Camelot lay vast beneath her, spreading all the way toward the horizon. Only the fewest twinkling lights in the distance were still visible. Most others had been extinguished while their owners were deep in sleep. Morgana rested her palms upon the stone balcony overlooking the entire city, wondering how much she would miss it. And more importantly, if they would miss her.

Her dark green thick velvet cloak billowed around her as a breeze flew by, and she felt her heart wrenched painfully at the thought of the decision she had made. It was not, and never going to be an easy one, but ultimately it was the best for everyone involved. She was better off gone; this way she could find her own peace and leave all her grief behind her.

"Morgana?" a voice that she had not expected to hear at all jolted her in surprise. "Is that you?"

She instinctively turned around, then immediately regretted it. There he was; the one person she both wished to see and hoped wouldn't come across tonight. The Prince of Camelot.

"What are you doing up at this hour?" Arthur demanded, and she winced at the lack of concern in his tone. Only slight annoyance, and maybe curiosity. "And why are you dressed like that? I hope you're not planning on sneaking out anywhere."

She remained silent for a moment, pressing her lips as she wondered what best to say to him. Eventually, at his impatient stare, she shook her head and looked away. "What do you care?" she mumbled at last, more to herself than to respond to his question.

"What do you mean, what do I care?" he seemed puzzled. Always so innocent, so oblivious. Morgana fought the urge to shake some sense into him. It wasn't his fault, really, if his feelings were not as she wished them to be.

"I'm leaving," she said dismissively, then quickly walked past him, fully expecting him to stand there and watch her go. Like he always did.

Instead, his hand shot out and caught her arm, forcing her to halt. She looked over her shoulder at him, her blue eyes blazing. "Let me go, Arthur," she said—no, ordered.

"I won't, until you tell me what's going on. What do you mean, leaving? Where are you going?"

"Why do you care?" she repeated with more anguish than before. "You've never cared before, so don't start pretending now! Or are you asking in behalf of your father? In which case, tell him I'm sorry, but I can't be in Camelot anymore. Don't worry, I already left him a letter in my chamber—someone will find it in the morning. Now, let. Me. Go."

She saw a flicker of frustration in Arthur's eyes and felt a moment of triumph. His grip on her arm only tightened, and for a moment she wondered if he was going to strike her. Instead, he grabbed both of her shoulders and pushed her to the wall behind them, his eyes suddenly filled with fire. "What is going on, Morgana? I swear I won't move until you tell me everything. Where are you going? Why? What do you mean you can't be in Camelot anymore?" His voice had started rising, and she could feel the tension escalating between them.
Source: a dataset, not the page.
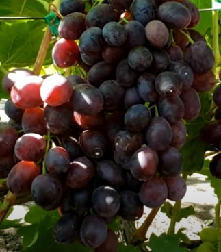 Stolní velmi atraktivní raná červenofialová super novinka s velmi velkým hroznem a bobulí výborné odrůdové chuti s vysokou odolností mrazu a chorobám.
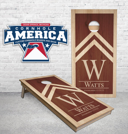 View full detailsCustom Wedding Dark and Light triangles cornhole boards

She was actually starting to get scared of him, which was something she never felt before.

And yet, she refused to back down. "Why do you want to know?" she asked back stubbornly, staring at him defiantly.

He punched the wall beside her so unexpectedly and so forcefully that it made her jump. "Because!" he snapped, seeming more frustrated with himself than with her now. "Damn it, Morgana. Because you can't just leave."

"And why is that? Last I checked I'm not a prisoner here. And I don't have any responsibilities. It's not me who's going to be ruler of Camelot someday. All of these are already good enough reasons for why I could leave if I wanted to."

"Why would you want to leave?"

Was that pain she heard in his voice? No, she had to be hearing only what she wanted to hear. "Why would I want to stay?" she responded calmly. "I have things… secrets… that you don't know about and probably never will, Arthur. For starters, remember when I was supposedly kidnapped? That story isn't entirely true. I left completely on my own accord."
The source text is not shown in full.